While state and federal efforts have historically distinguished between wireline and wireless carrier billing – for example, the FCC’s TIB amendments expressly exempt wireless carriers from the new bill format requirements; state cramming laws exempt wireless –that distinction appears to be thinning. As a follow up its 2011 investigation, on June 12, the Senate Commerce Committee sent letters of inquiry to the major wireless carriers – Sprint, T-Mobile, AT&T and Verizon Wireless –asking them about, among other things, their third party billing agents and vendors and what policies, procedures and protections the carriers have in place to identify and reject cramming efforts

The next day, Senator Rockefeller introduced new federal legislation – the Fair Telephone Billing Act (S.3291) – that would prohibit third-party charges on wireline (including interconnected VoIP) phone bills with limited exceptions, and further directs the FCC, in consultation with the FTC, to promulgate rules that would enhance consumer protections for mobile billing services, including the obligation to provide a mechanism to opt-out of third-party charges; to establish carrier procedures to confirm subscriber authorization; and to enable subscribers to receive reimbursement directly from the carrier for unauthorized charges.
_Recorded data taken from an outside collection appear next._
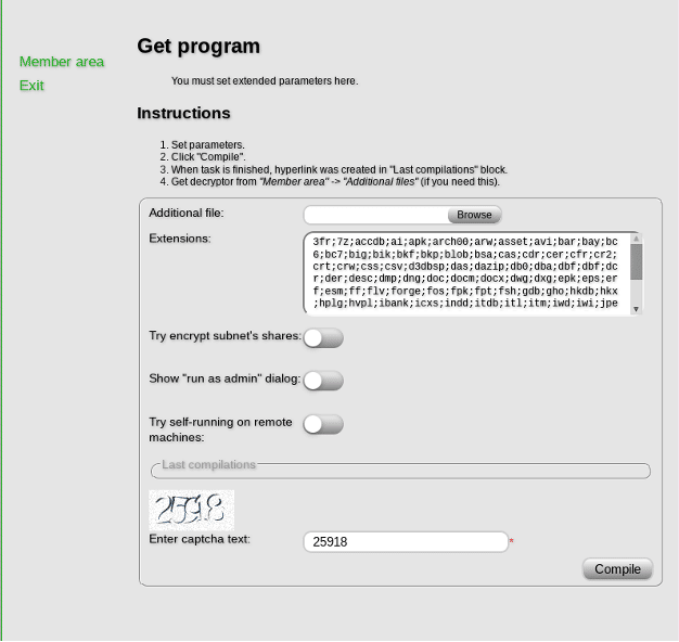 Users can configure their ransomware when registering at the website by choosing a set of features. This platform seems to be one of the more complete because it allows specifying which extension of the files to encrypt.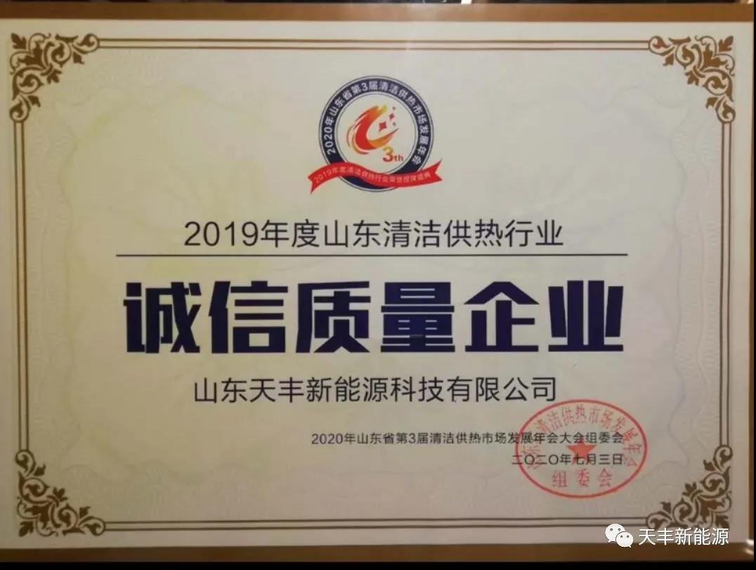 實力入選,載譽歸來!天豐新能源榮獲2019年度清潔供熱行業“誠信質量企業”榮譽授牌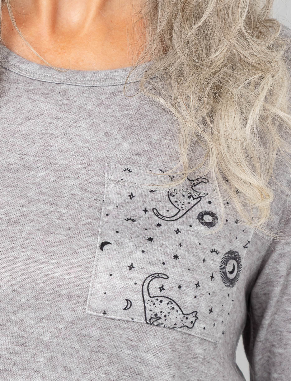 A super soft top made for cozy evenings. Its relaxed fit and playful printed pocket bring charm and comfort to every chill moment.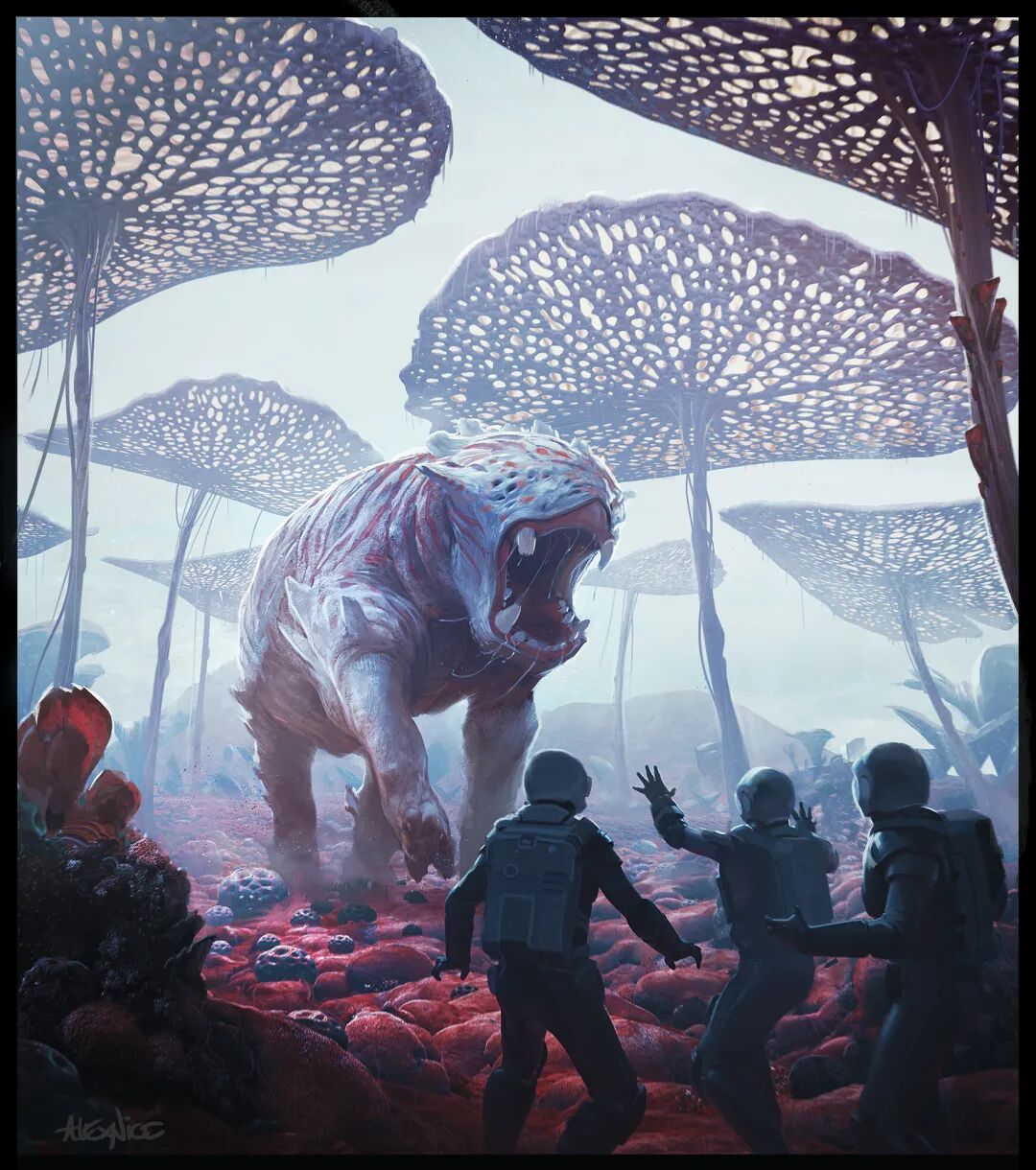 Alex也是一位2D和3D全面发展的资深大佬,他十分擅长创作科技感十足的场景,对于画面故事性的塑造拿捏地非常到位,视觉效果也相当出色。
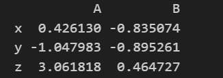 df = pd.DataFrame(arr, columns=['A', 'B'], index=['x', 'y', 'z'])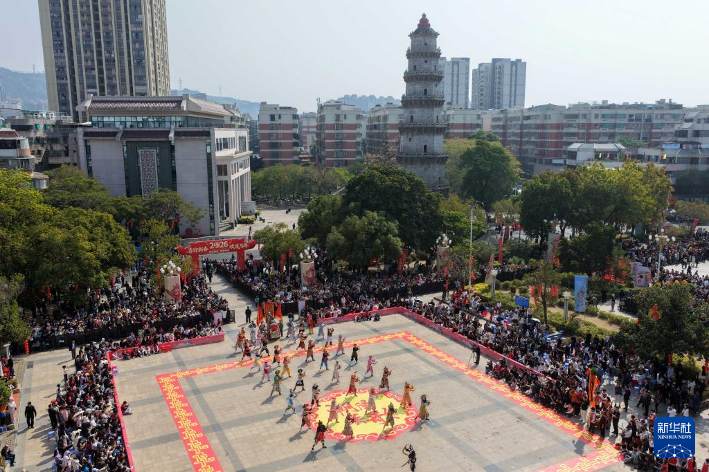 2月20日,在湖北省孝感市云梦祥云湾文化旅游景区,游客在观看英歌舞表演(无人机照片)。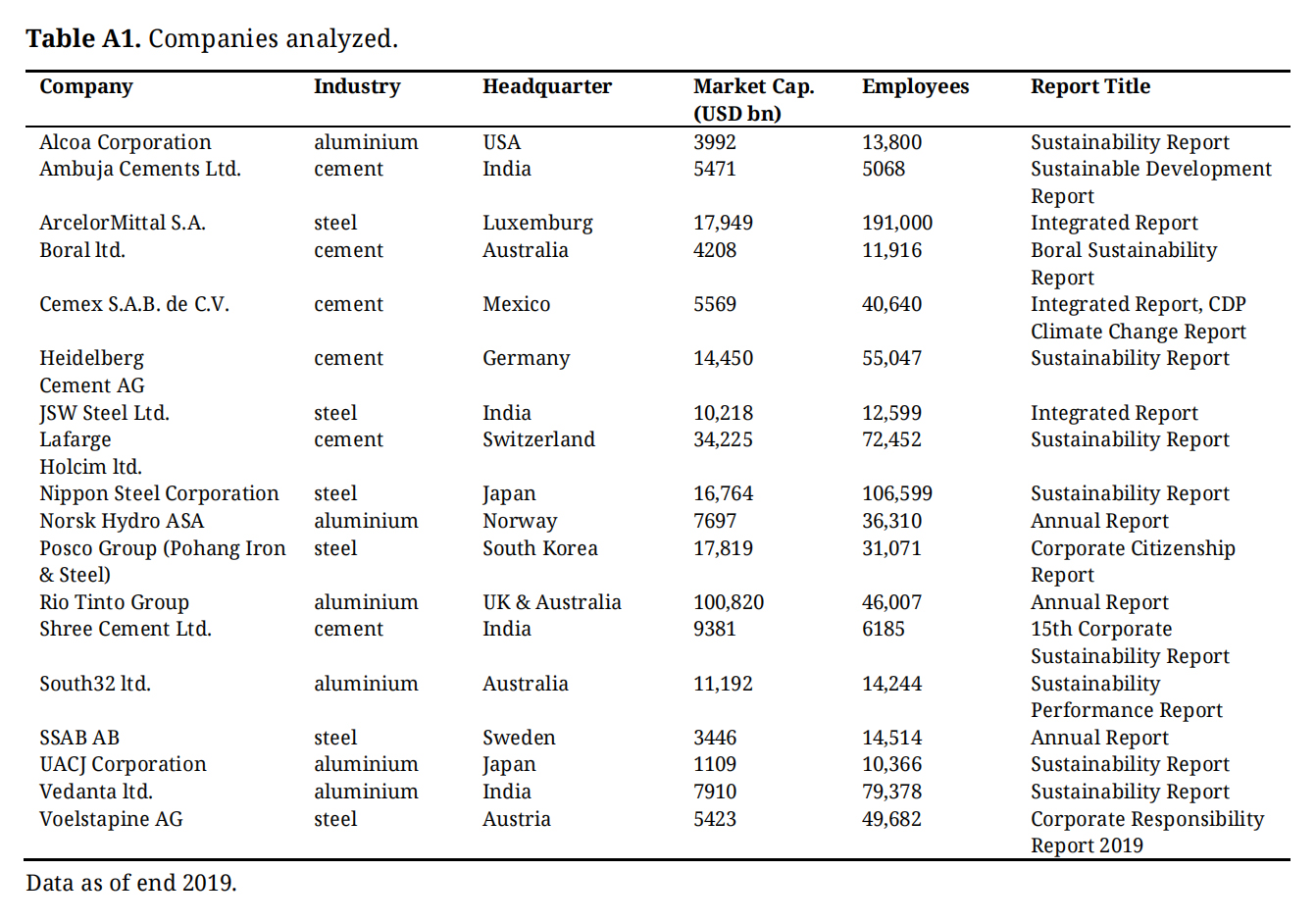 Our 18-company sample is evenly distributed across cement, steel, and aluminium industries and geographically diverse, with one-third (n = 6) headquartered in Europe, 28% in South Asia (India) (n = 5), 16.6% in East Asia (Japan and South Korea) (n = 3), 16.6% in Australia (n = 3), and 5.5% in North America (n = 1). By including only listed companies, the sample lacks representative Chinese companies where non-financial information is often unavailable. Nonetheless, the sample represents global best-in-class basic material companies, ranging from smaller players with 5000–15,000 employees to global conglomerates with more than 100,000 employees (see Appendix A).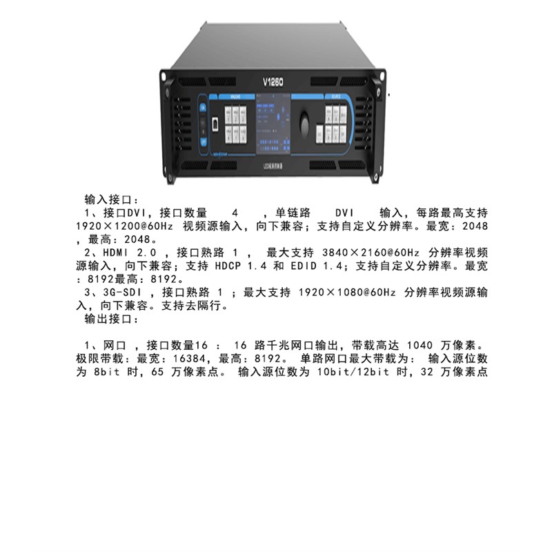 詳細(xì)說明:輸入接口: 1、接口DVI,接口數(shù)量 4 ,單鏈路 DVI 輸入,每路最高支持 1920×1200@60Hz 視頻源輸入,向下兼容;支持自定義分辨率。最寬:2048,最高:2048。 2、HDMI 2.0 ,接口熟路 1 , 最大支持 3840×2160@60Hz 分辨率視頻源輸入,向下兼容;支持 HDCP 1.4 和 EDID 1.4;支持自定義分辨率。最寬:8192最高:8192。 3、3G-SDI ,接口熟路 1 ;最大支持 1920×1080@60Hz 分辨率視頻源輸入,向下兼容。支持去隔行。 輸出接口: 1、網(wǎng)口 ,接口數(shù)量16 : 16 路千兆網(wǎng)口輸出,帶載高達 1040 萬像素。 極限帶載:最寬:16384,最高:8192。 單路網(wǎng)口最大帶載為: 輸入源位數(shù)為 8bit 時,65 萬像素點。 輸入源位數(shù)為 10bit/12bit 時,32 萬像素點。;不支持音頻輸出。 2、OPT1~4 ,接口數(shù)量4 :4 路 10G 光纖輸出接口。 OPT1 傳輸 1~8 路網(wǎng)口數(shù)據(jù)。OPT2 傳輸 9~16 路網(wǎng)口數(shù),OPT3 為 OPT1 或 1~8 路網(wǎng)口的復(fù)制通道。OPT4 為 OPT2 或 9~16 路網(wǎng)口的復(fù)制通道。 3、MONITOR 1 HDMI 接口,預(yù)監(jiān)輸出,支持 1920×1080@60Hz 分辨率。 控制接口: ETHERNET,接口數(shù)量 1 ,連接 PC 通訊。 USB,接口數(shù)量 1 , USB(方口):連接 PC,調(diào)試設(shè)備,設(shè)備級聯(lián)輸入,USB(扁口):設(shè)備級聯(lián)輸出。 RS232,RS232 1, 連接中控設(shè) 1 連接中控設(shè)。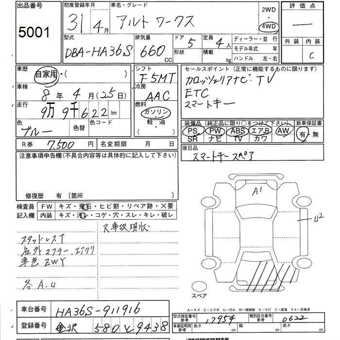 SUZUKI ALTO WORKS - лот 5001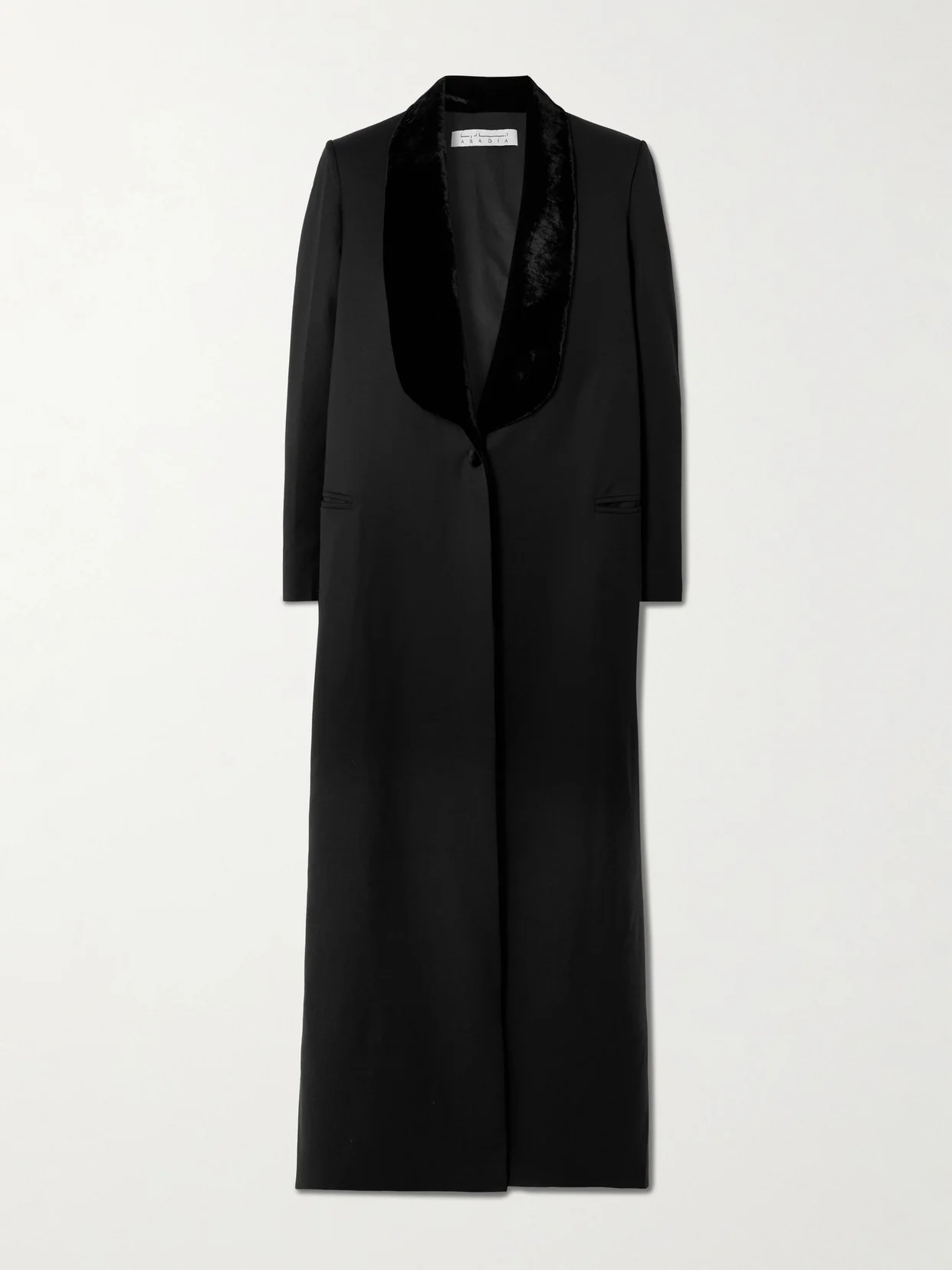 Abadia's "signature aesthetic of combining feminine ease with masculine structure" translates to this 'Joud' coat. It's tailored from textured wool-blend twill and has a shawl lapel made from soft crushed-velvet. The maxi style is polished with discreet welt pockets and closes with a single fabric-covered button.

Further complicating matters would be if the Consumer Financial Protection Bureau (CFPB) decided to participate in regulating mobile carrier billing. Under Dodd-Frank, a “covered person” subject to the CFPB’s jurisdiction includes a person offering a consumer financial product or service, a term that is further defined to include, among other things, the provision of “payments or other financial data processing products or services to a consumer by any technological means, including processing or storing financial or banking data . . . through any payments systems or network used for processing payments data, including payments made through [a] . . . mobile telecommunications network….” 12 U.S.C. 5481(15)(vii). This issue could become relevant if this broad definition were interpreted by the CFPB to treat mobile carrier billing as a “financial data processing service” through a mobile telecommunications network.

As wireline becomes increasingly subject to restrictive laws and industry practices, it is perhaps inevitable that crammers will recalibrate their efforts towards wireless. The question, then, is whether lawmakers and regulators will see fit to extend third-party wireline billing restrictions, and perhaps even prohibitions, to wireless.

DISCLAIMER: Because of the generality of this update, the information provided herein may not be applicable in all situations and should not be acted upon without specific legal advice based on particular situations.